The civil service patrol is basically to this day little more than a bunch of glorified riot police that put down messes in the city when they look to be getting out of hand. I reckon somebody in government figures they can smother anything if they throw enough bodies at it. My two cousins below that were too young to run the farm so they opted to get placed as farm hands a couple of counties over. They were just counting down the days ‘til they could get away from my grandfather and uncle’s sharp eyes anyway and were jealous of the older two’s escape.

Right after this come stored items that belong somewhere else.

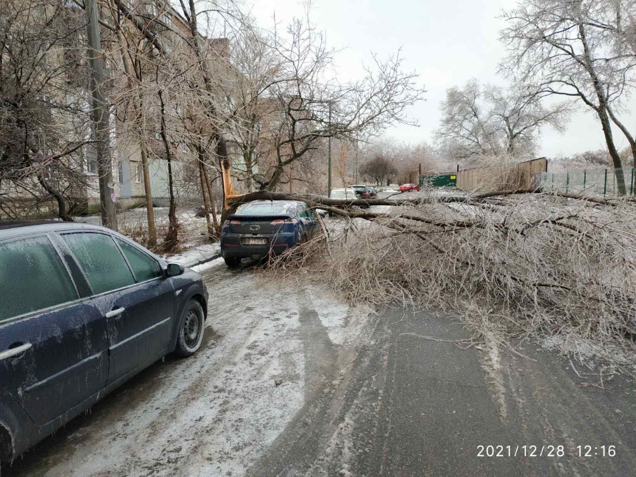 Днем 28 декабря в Николаеве на улице Набережной дерево упало на легковой автомобиль Volt.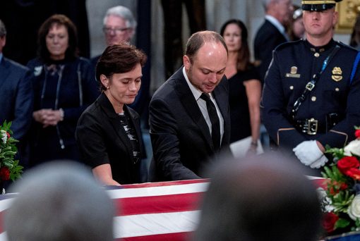 Дочь покойного, журналистка Меган Маккейн, не прятала эмоций, находясь у гроба отца.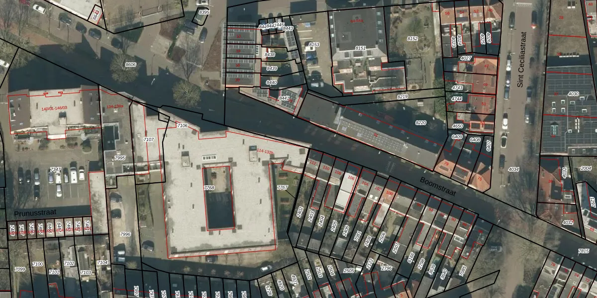 Boomstraat 114 is gelegen op kadastraal perceel TBG01P7768. Deze kadastrale aanduiding is uniek en wordt gebruikt door het Kadaster om eigendomsrechten en andere zakelijke rechten vast te leggen. Het perceel maakt onderdeel uit van de kadastrale gemeente Tilburg.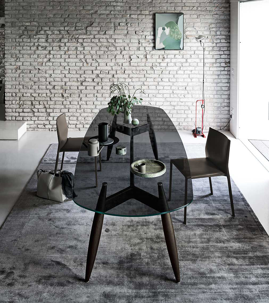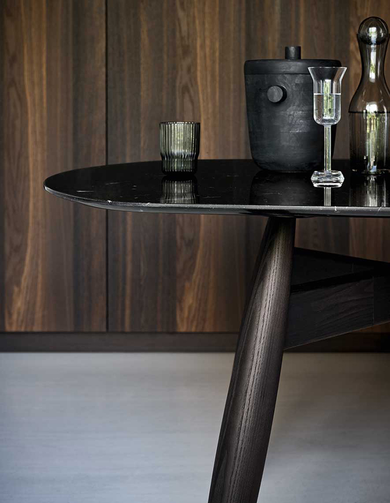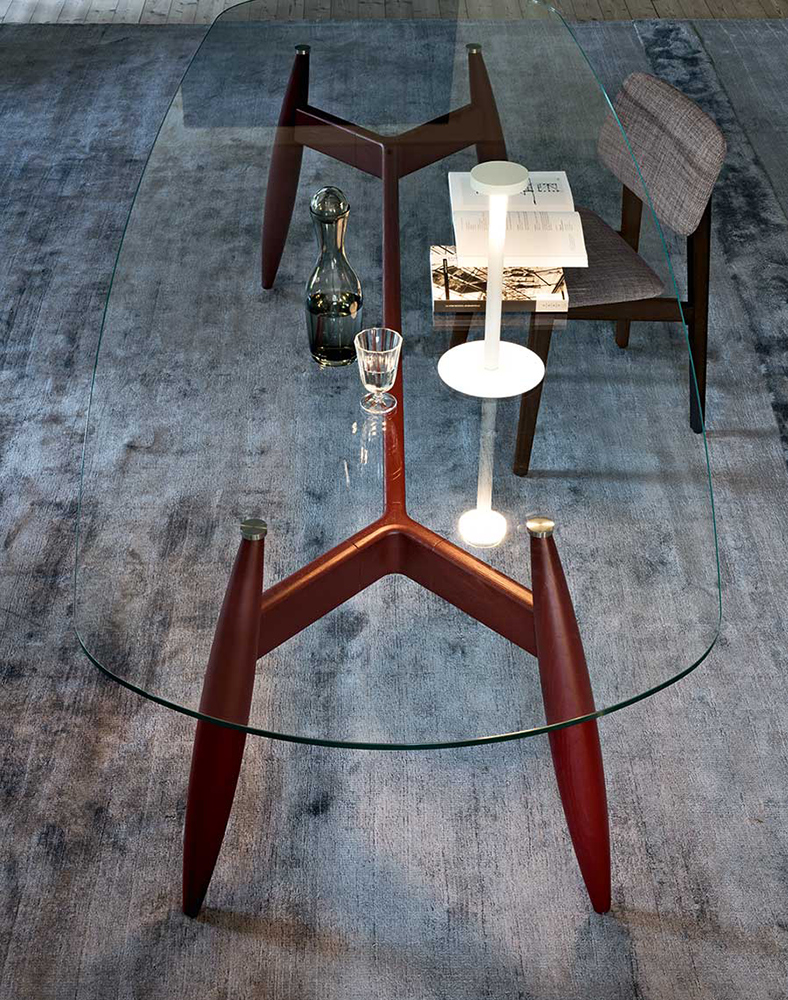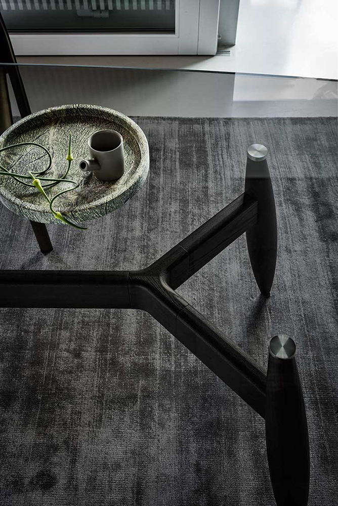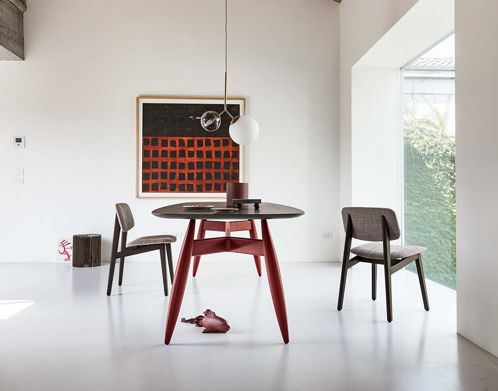 FUSELLO is a table born out of tradition. The base is made up of spindle legs, evoking the spool for winding thread used to make Cantu lace. The table’s innately soft look is given not only by these legs but also by the different physical forms the top can take on, and the use of wood, a material offering the very best sculptural qualities.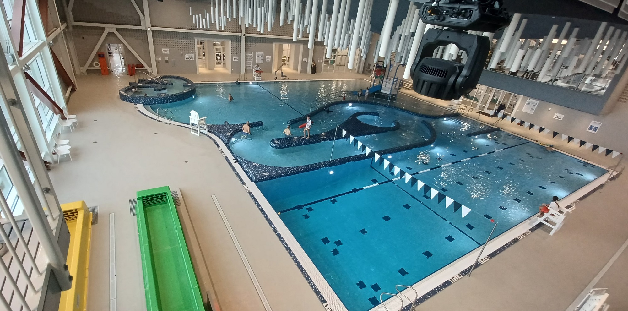 The indoor, multifunctional aquatics facility contains a 5,962-square-foot pool with three lap lanes, geysers, a current channel and children’s play area with interactive water-play features. This will hold most of the programming, such as learn-to-swim lessons, exercise and fitness, as well as lap swimming.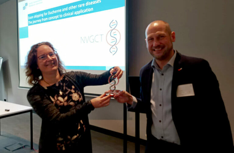 The Netherlands Society of Gene and Cell Therapy (NVGCT) established the Outstanding Achievement Award in 2019. The award honors an individual who has achieved a specific high impact contribution or a lifetime of significant contributions to the field of gene and cell therapy. Annemieke Aartsma-Rus received this award for her pioneering work in exon skipping therapy development during the award lecture at the annual NVGCT conference in Lunteren.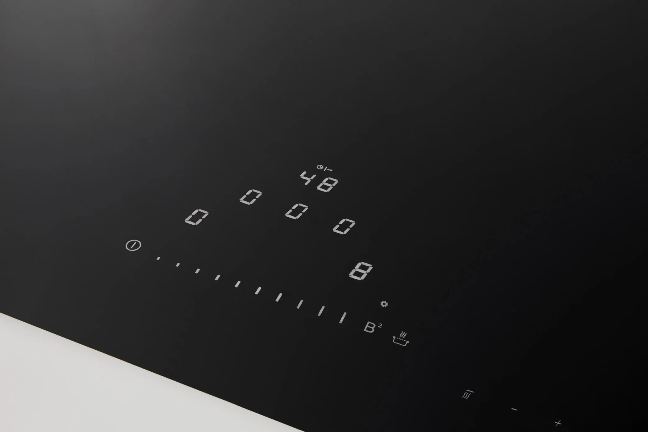 Novy Pro 1777 ist ein 90 cm Induktionskochfeld mit vier achteckigen Kochzonen, inklusive Flex-Induktion. Je zwei Zonen lassen sich zu einer großen Kochfläche zusammenschalten. Die Bedienung erfolgt über Touch Slider mit weißer Anzeige. Mit InTouch lässt sich auch die Dunstabzugshaube über das Kochfeld steuern.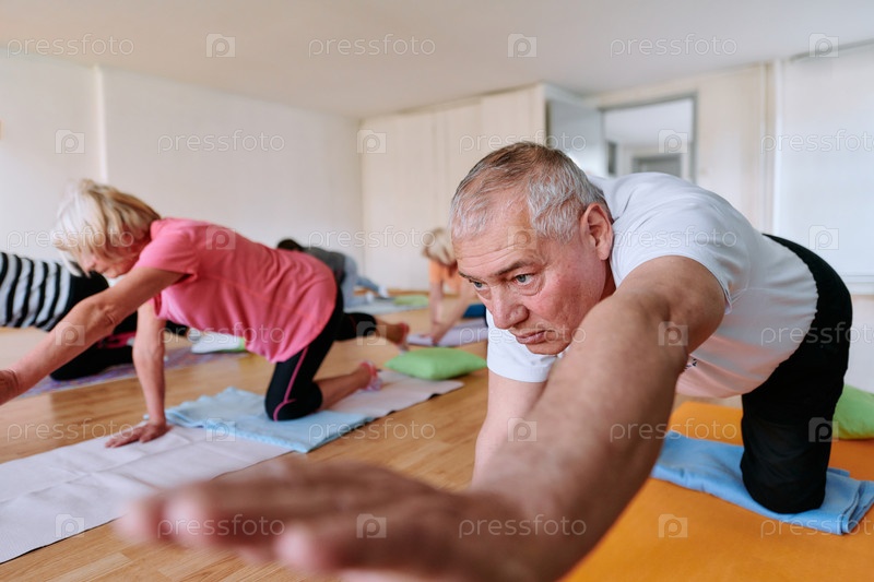 Пожилой мужчина выполняет упражнения для шеи и спины, способствующие здоровому старению и благополучию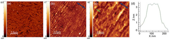 Aiming to obtain more uniform coverage of the substrate and, above all, more ordered packing of the molecules, for the present work, we chose a higher deposition pressure of 30 mN/m, corresponding to an area per molecule of ~32 Å2. To investigate the effect of the large deposition pressure on the film morphology, a single LB deposition on silicon was examined by AFM (Figure 6b–d). The difference with films deposited at Π = 12 mN/m is evident. The film became much more uniform; the fibrous meandering structure present in low-pressure samples was replaced by a dense sequence of parallel grooves, homogenously aligned along the direction perpendicular to the dipping direction c (Figure 6b,c). These undulations had widths of ~100 nm and depths of ~3 nm (Figure 6d), values quite similar to those observed in samples deposited at lower pressure. Clearly, the higher deposition pressure resulted in a more ordered mesoscale structure, characterized by an in-plane anisotropy extending uniformly over the sample surface.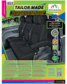 Oferta skierowana do właścicieli tego konkretnego modelu samochodu, którzy chcą zadbać o wnętrza swoich pojazdów oraz dodać im szyku i elegancji. Pokrowce samochodowe TAILOR MADE bardzo dobrze chronią oryginalną tapicerkę samochodu przed przecieraniem i zniszczeniem, a gustowna, klasyczna stylistyka wywołuje pozytywne wrażenia estetyczne. Stonowana kolorystyka- czerń wraz z delikatną szarą fakturą w środku pokrowca idealnie wkomponuje się do wnętrza każdego samochodu. Zaletą pokrowców TAILOR MADE jest to, że zakrywają całą tylną powierzchnię oparcia. Ta właściwość sprawia, że bardzo dobrze prezentują się także z tyłu fotela, jednocześnie chroniąc go przed zabrudzeniami i uszkodzeniami (ważne jest to szczególnie dla osób posiadających małe dzieci).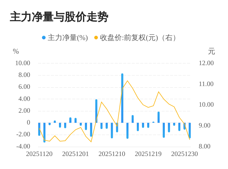 该股今日主力净量为负,且值较大,表明主力大幅流出,主动卖出明显多于主动买入。与此同时,今日换手率较高,主力抛售的嫌疑较大。投顾建议:投资者短期宜合理控制仓位,谨慎为佳。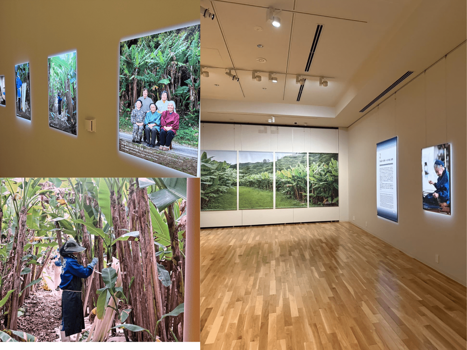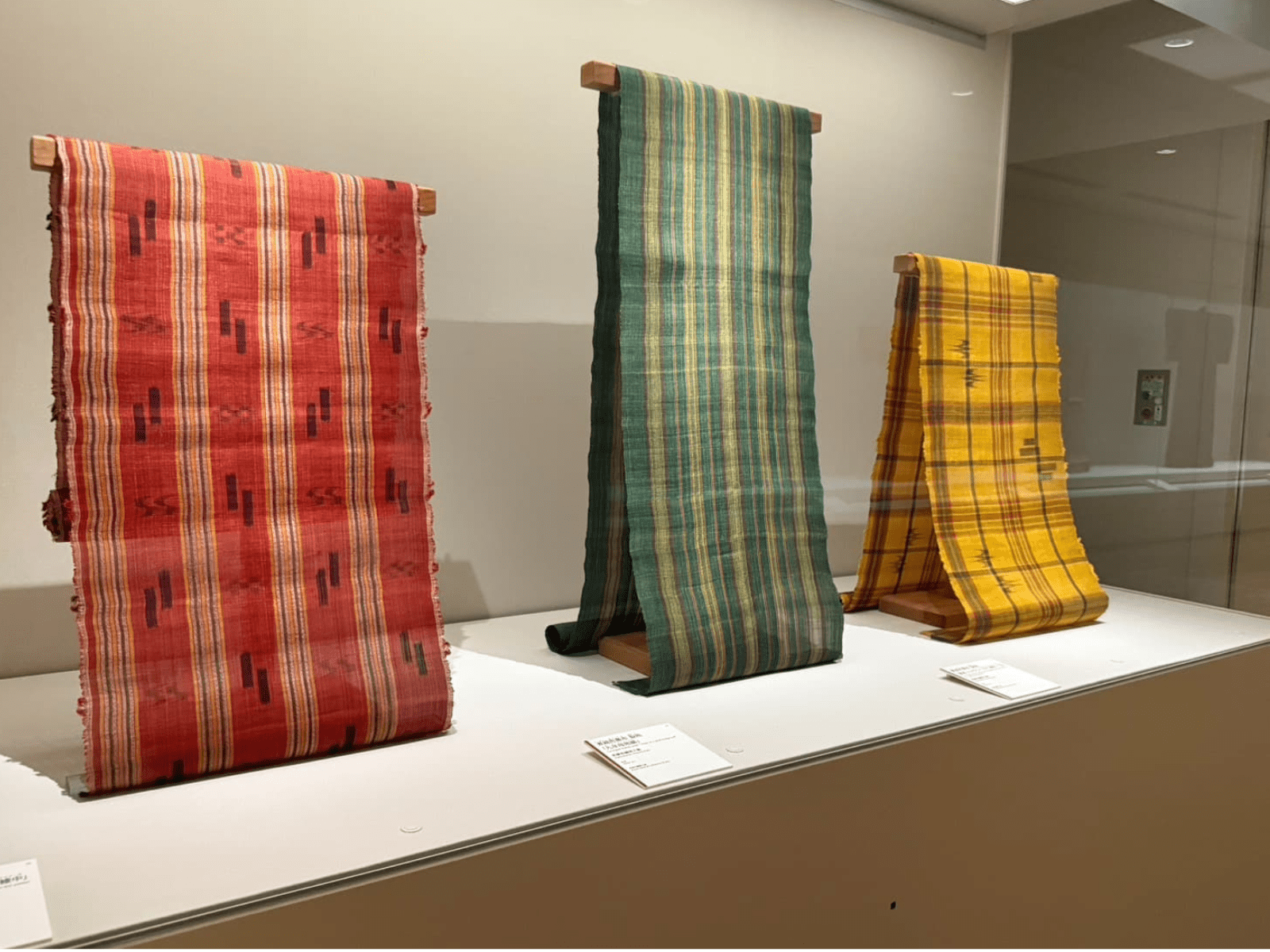最後の展示室「第3章 想いをつなぐ-芭蕉布のみらい」では、喜如嘉の芭蕉布保存会による伝承者養成事業の取り組みが紹介されていました。朱地に絣模様を重ねた着物は古典の力強さを残しつつも、どこかモダンで新鮮。平良さんが挑み続けた精神が、次の世代へとしっかり受け継がれているのを感じました。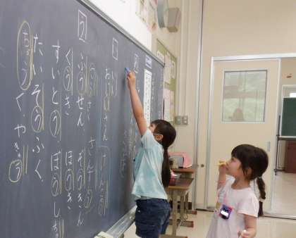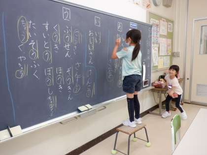 国語の時間に、「おばあさん」「ふうせん」のように、のばす音の入った言葉を見つける学習を行いました。2人でたしかめながら、たくさんの言葉を見つけました。
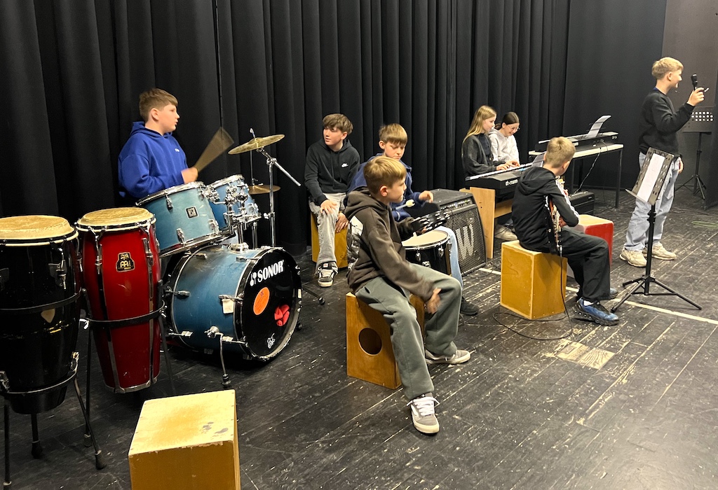 Die Songauswahl reichte von Rock über Pop bis hin zu bekannten Schlagern. Die Beiträge wurden auf unterschiedliche Weise gestaltet: Einige Stücke wurden mit Instrumenten begleitet, andere mit Body Percussion umgesetzt. Gesangliche Darbietungen, sowie tänzerische Elemente sorgten zusätzlich für eine lebendige und mitreißende Aufführung. Außerdem wurde ein kurzer Sketch über eine lustige Castingshow – passend zum Thema Musik – aufgeführt, der das Publikum zum Schmunzeln brachte.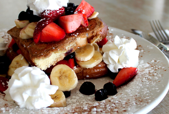 Texas Style French toast stuffed with cream cheese and fresh strawberries.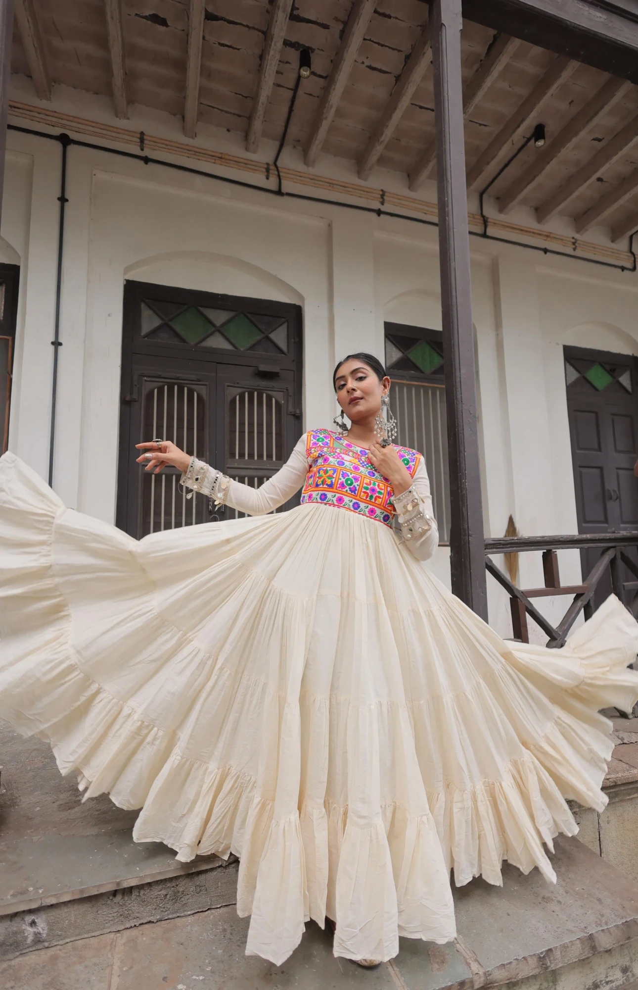 ✨ Perfect for Navratri 2025 – Elegant Off-white Gown with Gamthi Embroidery for Garba Nights & Festive Celebrations.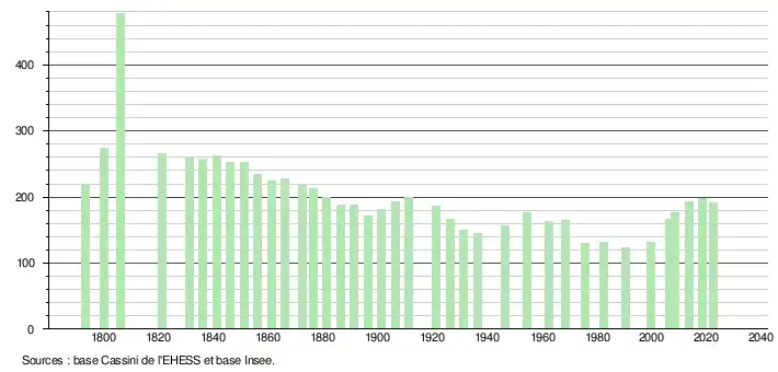 L'évolution du nombre d'habitants est connue à travers les recensements de la population effectués dans la commune depuis 1793. Pour les communes de moins de 10 000 habitants, une enquête de recensement portant sur toute la population est réalisée tous les cinq ans, les populations de référence des années intermédiaires étant quant à elles estimées par interpolation ou extrapolation[37]. Pour la commune, le premier recensement exhaustif entrant dans le cadre du nouveau dispositif a été réalisé en 2008[38].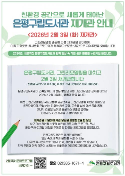 [½Åµ¿¾Æ¹æ¼Û ÀºÆò±¸=À̽ŵ¿±âÀÚ] ¼­¿ï ÀºÆò±¸´Â ÀºÆò±¸¸³µµ¼­°üÀÌ ¾à 9°³¿ù°£ÀÇ ±×¸°¸®¸ðµ¨¸µ °ø»ç¸¦ ¸¶Ä¡°í Áö³­ 3ÀÏ Àç°³°üÇß´Ù°í ¹àÇû´Ù. 2001³â °³°üÇÑ ÀºÆò±¸¸³µµ¼­°üÀº Áö³­ 2023³â ±¹Åä±³ÅëºÎ ÁÖ°ü ¡®°ø°ø°ÇÃ๰ ±×¸°¸®¸ðµ¨¸µ¡¯ °ø¸ð»ç¾÷¿¡ ¼±Á¤µÅ Áö³­ÇØ 5¿ù¡¦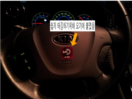6. 이제 NFC Tag 스티커에 기록은 하였으니, 이 스티커를 차량에 부착시킴니다.(위에 핸들그림)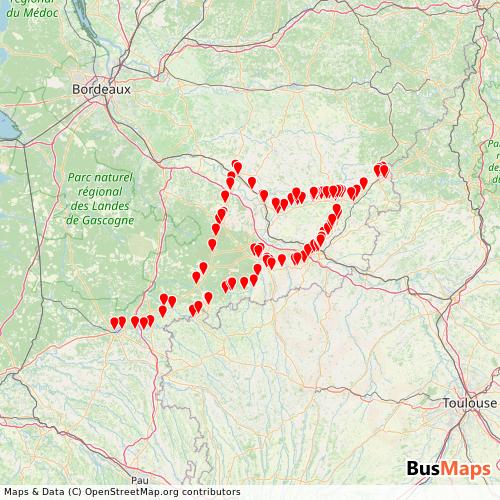 Cars Régionaux 47 - Lot et Garonne operates in the following cities: Agen, Villeneuve-sur-Lot, Casteljaloux.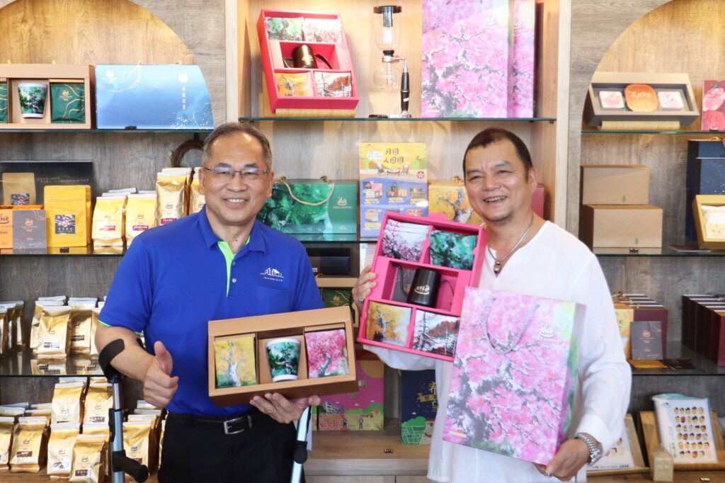 陳炳臣(右)授權作品供「愛加倍庇護工場」設計中秋禮盒,成為兼具收藏與祝福的藝術品。(圖:陳炳臣提供)

No one seemed to know what to do with me. Some folks told the authorities that I was “simple” but whether they were doing it to play a prank or because they really believed it I haven’t the foggiest; it didn’t matter to me at the time and still doesn’t. No one in the area needed another mouth to feed and out of the area no one was looking for a 13-year-old female field hand, especially if they already had any teenage boy field hands around. Basically I was too young to marry off, too old and too odd to adopt out, and just the right age for the less than desirable male types to take advantage of; all in all more trouble than most folks wanted to fool with.
I continued to live in the camper and tend to the kitchen garden so I could feed myself. No one said I couldn’t and I’m not sure I would have paid any attention to them even if they had. A couple of weeks later this moving van shows up out of the blue with a minivan that had seen better days following it. Out of the moving van stepped a uniform with a clipboard, just the type I’d been avoiding when at all possible. Out of the minivan stepped a man even more worse-for-wear than the vehicle. The new owners had arrived.